# Your objective
From the data underneath, reproduce exactly the stretch that begins at the line with "Please join us" and ends after the line with "そのあとの余震が怖いのでヘルメットをかぶっていただきました。".

# Dataset content
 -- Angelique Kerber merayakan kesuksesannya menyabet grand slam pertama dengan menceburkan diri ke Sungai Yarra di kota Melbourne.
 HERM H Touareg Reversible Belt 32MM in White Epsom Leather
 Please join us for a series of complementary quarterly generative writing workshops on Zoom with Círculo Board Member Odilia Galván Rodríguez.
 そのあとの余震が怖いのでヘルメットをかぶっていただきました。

--

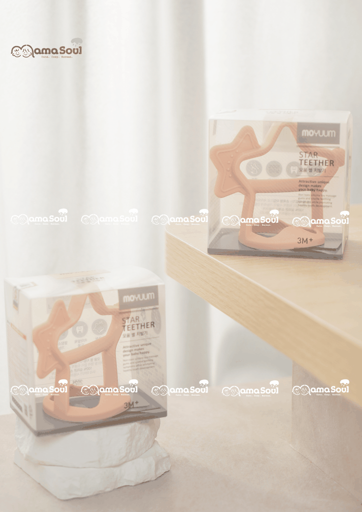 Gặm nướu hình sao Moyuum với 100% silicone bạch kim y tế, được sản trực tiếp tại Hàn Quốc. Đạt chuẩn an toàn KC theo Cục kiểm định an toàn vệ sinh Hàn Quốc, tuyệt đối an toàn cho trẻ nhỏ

# Output
 Please join us for a series of complementary quarterly generative writing workshops on Zoom with Círculo Board Member Odilia Galván Rodríguez.
 そのあとの余震が怖いのでヘルメットをかぶっていただきました。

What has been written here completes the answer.